Both glaciers combined hold 4 feet of global sea level rise. When the West Antarctic ice shelves collapse it will have catastrophic effects worldwide.
Science Alert reports on the worrisome news that the iceberg itself follows the same lines “along which the iceberg has broken follow the pattern of crevasses developed in the ice shelf that it calved from,"
As the animation above shows – assembled from observations taken by the European Space Agency's Copernicus Sentinel-1 satellite – the iceberg has divided into several discernible fragments of varying size since September 26.
While the fracturing process itself might seem unremarkable, the way the iceberg broke free from the glacier was not, scientists say, and could signal an alarming new precedent in calving processes.
"What we're witnessing on Pine Island Glacier is worrying," explains marine geophysicist Robert Larter from the British Antarctic Survey.

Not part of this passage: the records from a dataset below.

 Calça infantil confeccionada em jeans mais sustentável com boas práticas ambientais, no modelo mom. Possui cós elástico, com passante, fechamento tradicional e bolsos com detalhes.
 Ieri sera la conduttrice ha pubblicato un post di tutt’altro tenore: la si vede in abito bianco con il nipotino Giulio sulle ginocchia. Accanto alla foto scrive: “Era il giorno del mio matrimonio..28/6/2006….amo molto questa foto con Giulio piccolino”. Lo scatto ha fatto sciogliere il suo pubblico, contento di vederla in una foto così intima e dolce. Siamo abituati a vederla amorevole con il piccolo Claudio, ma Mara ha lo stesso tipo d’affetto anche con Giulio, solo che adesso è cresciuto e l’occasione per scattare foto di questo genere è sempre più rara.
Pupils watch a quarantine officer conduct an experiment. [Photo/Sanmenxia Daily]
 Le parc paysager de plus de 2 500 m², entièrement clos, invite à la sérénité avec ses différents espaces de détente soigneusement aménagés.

"We're now seeing changes in the calving behaviour of the ice shelf, when for 68 years we saw a pattern of advance and retreat resulting in the calving of a single large iceberg which left the ice front to approximately the same place."
Unlike those events, which effectively replenished the footprint of the up-to-60 metre tall (197 ft) ice front, continued thinning of the glacier as a whole has produced what scientists fear may be evidence of a new era of structural instability.

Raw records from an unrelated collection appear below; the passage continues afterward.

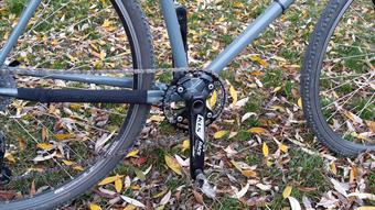 Za skoro čtyři roky se kolo dost změnilo, proto ho sem dávám znovu. Je to zimák/měšťák a je stavěné na cenu a výdrž. V zimě s ním jezdím i delší trasy. Při pravidelné údržbě po 2 letech služby, jsem kolo rozebral a nechal mu udělat nový lak. Barva ocelová šedá, vidlice černá. Také jsem v rámci plánovaného upgradu přešel ze systému 1×7 na 1×9 s menším převodníkem 40T oproti původnímu 42T. Ostatní díly se měnily v průběhu času.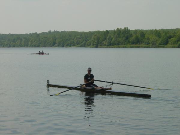 Nach der mehr als achtstündigen Anreise am Donnerstag wurde das Ruderrevier beim ersten Training erkundet – flaches Wasser mit starken Pflanzenbewuchs, jeweils zwei Starter für eine markierte Startbahn (in Eilenburg hat jeder Starter eine eigene Bahn) und sengende Hitze waren nicht gerade ideale Regattabedingungen.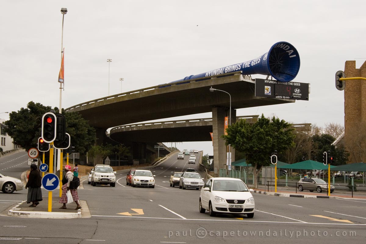This huge vuvuzela, obviously sponsored by Hyundai, was placed on the end of this unfinished bridge in Cape Town. Apparently the vuvuzela has a truck hooter horn attached to the end that will be activated each time a goal is scored in Cape Town Stadium. :)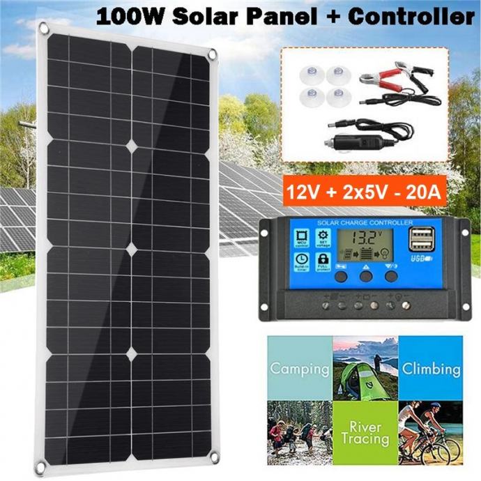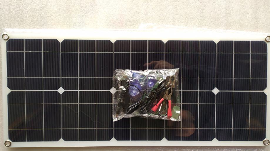 Solarni Monokristalni panel 18V sa izlazima 12V za punjenje akumulatora i 2x5V USB za brzo punjenje 2 mobitela.

"What's both interesting and of concern is the lines along which the iceberg has broken follow the pattern of crevasses developed in the ice shelf that it calved from," Larter says.
"This change of behaviour might reflect the crevasses within the ice shelf having an increasing influence on the spacing and pattern of iceberg calving as a result of the thinning that has taken place over the past few decades."
This calving signature – if that's what it is – could foretell a disturbing trend in the Pine Island Glacier, which accounts for about a quarter of all of Antarctica's ice loss, thought to be some 40 billion tonnes of ice each year.
Chris Mooney of the Washington Post writes on the major trouble at Pine Island Glacier which holds 2 feet of sea level rise.
They published a paper last year finding that Pine Island Glacier has developed a troubling new way of losing ice, with rifts forming in the centre of its floating ice shelf from beneath, rather than at the sides, the traditional manner. They suspect this is a function of warmer ocean waters reaching the base of the glacier and weakening it.
"We predicted that the rifting would result in more frequent calving, which is what's happening here," said Howat by email. "If new rifts continue to form progressively inland, the significance to ice shelf retreat would be high."